Osage Nation CEO Mark Rogers described an annual health-system budget of roughly $62,000,000 and investments of about $85,000,000 in new health-related construction, along with vocational and education programs tied to retaining the local workforce. Martin Harvier (Salt River testimony) said compacting the land-title and records office reduced lease-recording time from as long as six months under the BIA to about 48 hours after the tribe assumed the function.

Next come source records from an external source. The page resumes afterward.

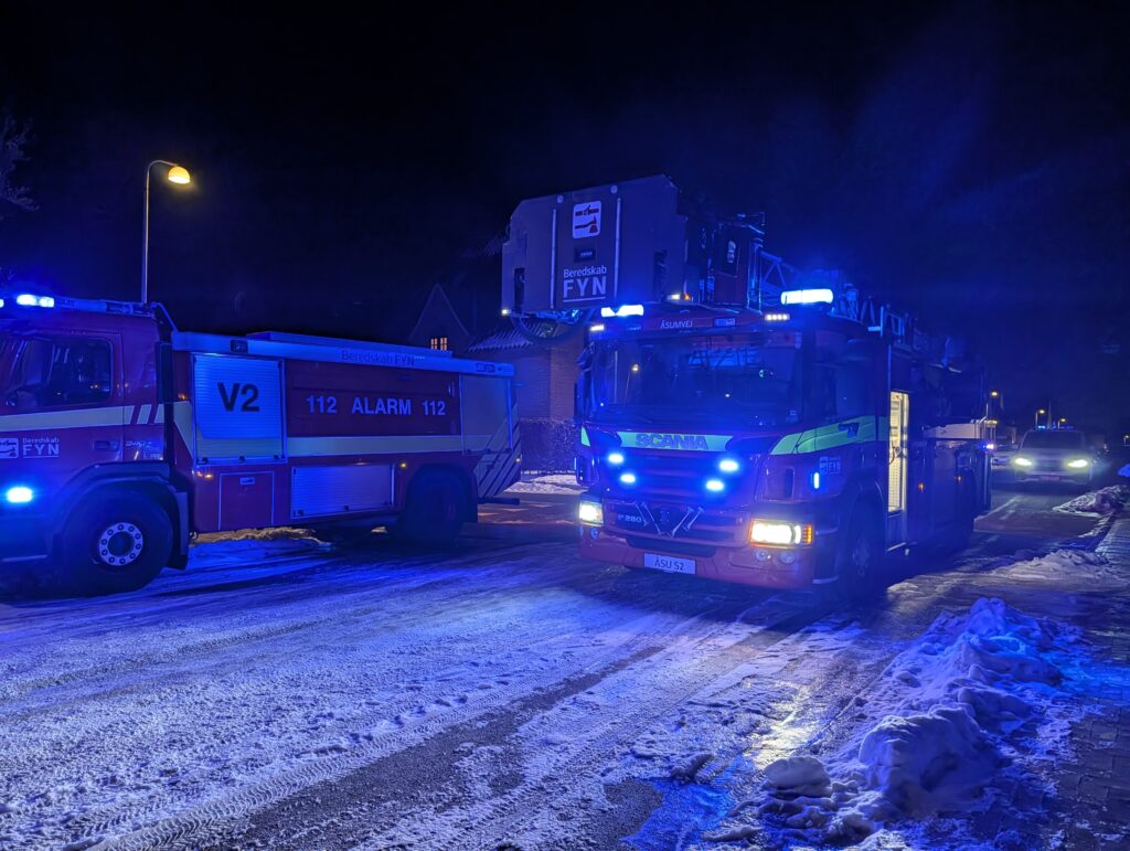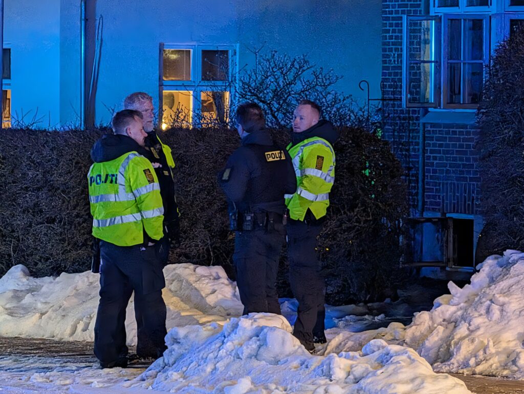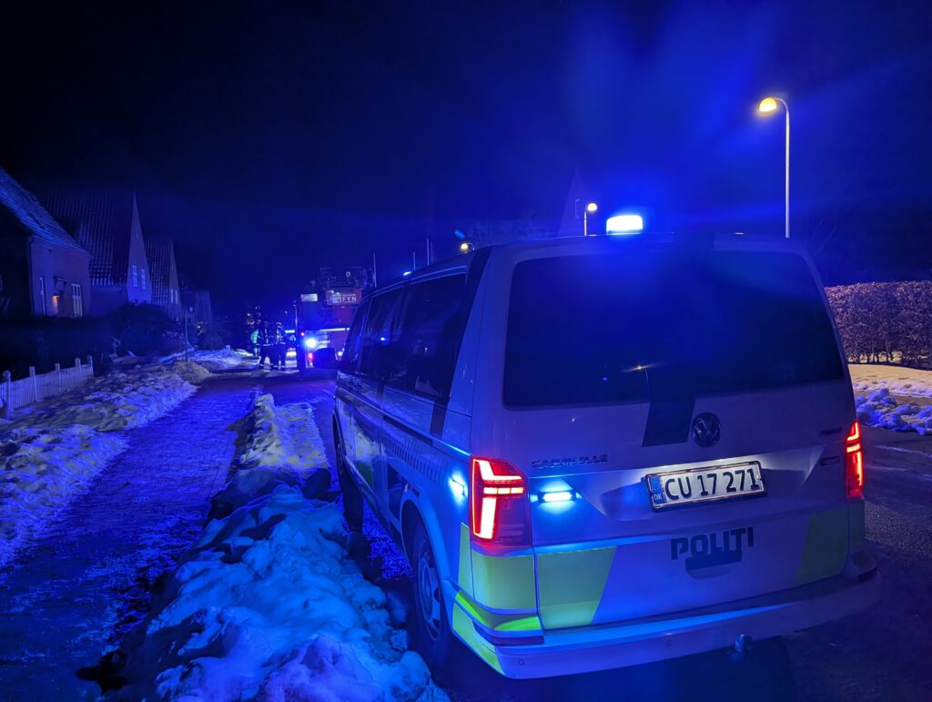 Det er på Dronnings Olgas Vej i Odense, at politi og brandvæsen fortsat arbejder i kulden.
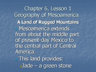Title: Chapter 6, Lesson 1 Geography of Mesoamerica
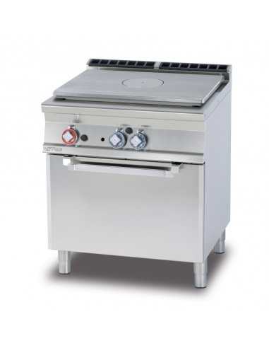 Gas cooker - Model TPFV-78GE - Plate - Size plate cm 77 x 57 - Power Kw 12 - Ventilated electric oven - Dimensions cm 55 x 36 x 34 - Power kW 5.32 - Temperature 50÷300°C - Stainless steel structure - Three-phase furnace supply V400/3/50-60Hz - Dimensions cm 80 x 70,5 x 90 h
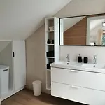 Bathroom facilities also include a shower and a washing machine. Towels are included for added comfort.
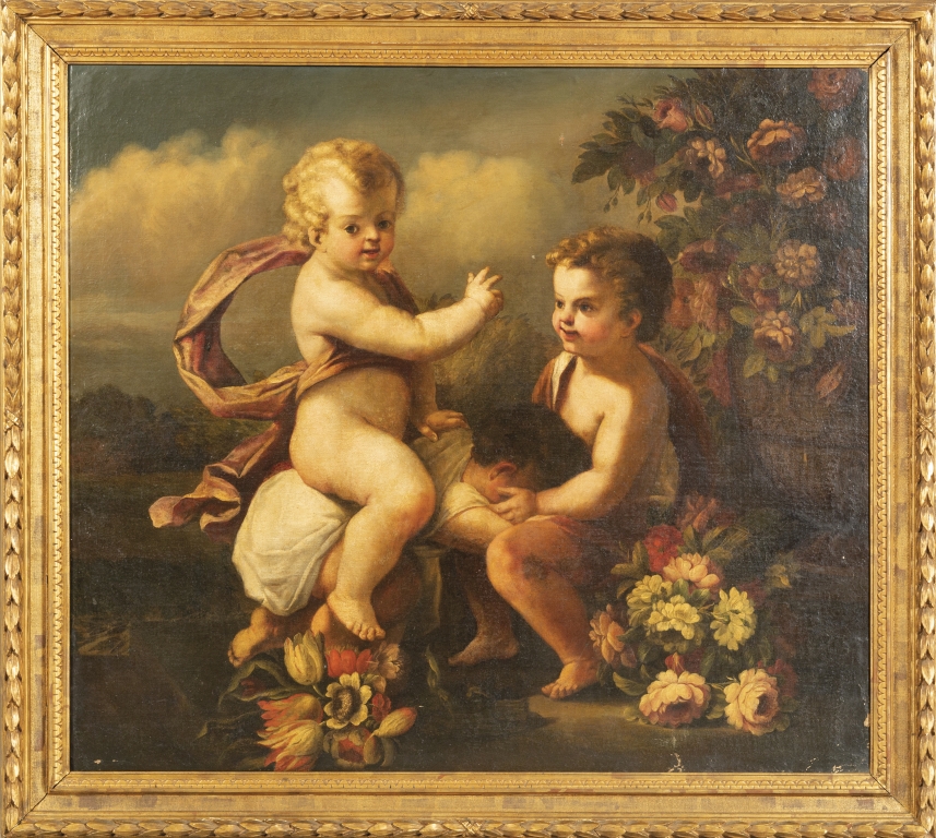 Scuola romana sec. XVII 'Amorini che giocano' olio
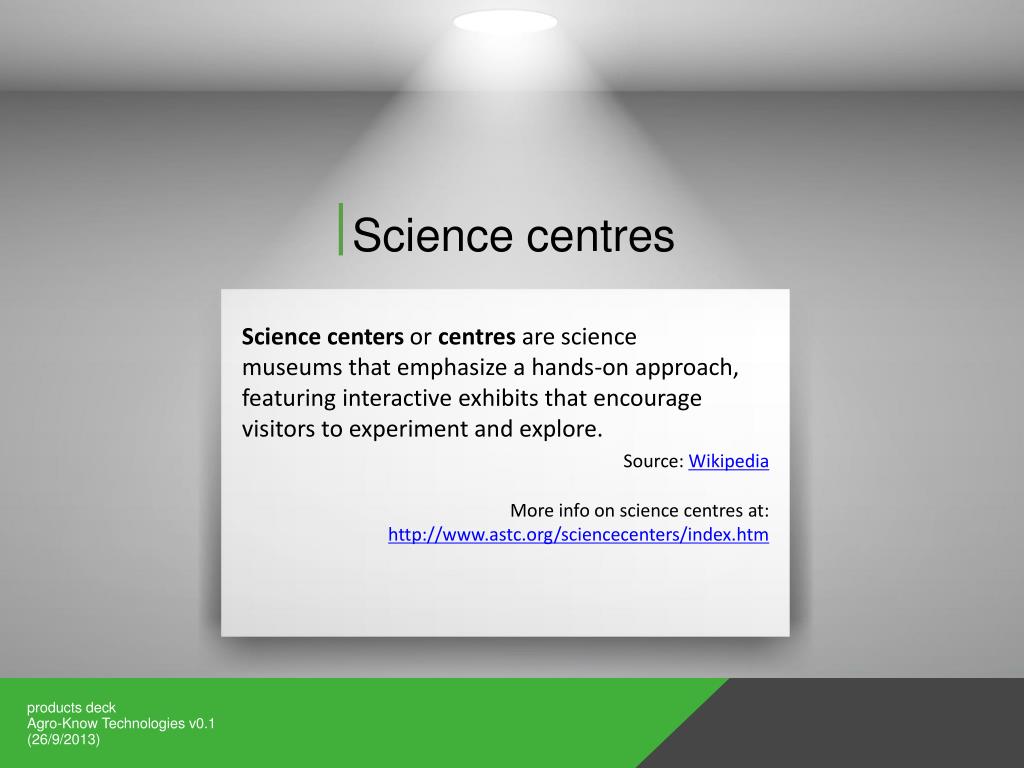 Science centres Science centers or centres are science museums that emphasize a hands-on approach, featuring interactive exhibits that encourage visitors to experiment and explore. Source: Wikipedia More info on science centres at: http://www.astc.org/sciencecenters/index.htm

Why this matters: Witnesses argued that local control leads to better customer service and quicker administrative decisions, and that revenues from tribal enterprises finance services in health, education and public safety. Members used these examples to press for policies that would let more tribes take on additional federal functions and to highlight the potential for rural job creation.
Committee members asked witnesses for more written details on program scale, budgets and employment impact to incorporate into future policy proposals.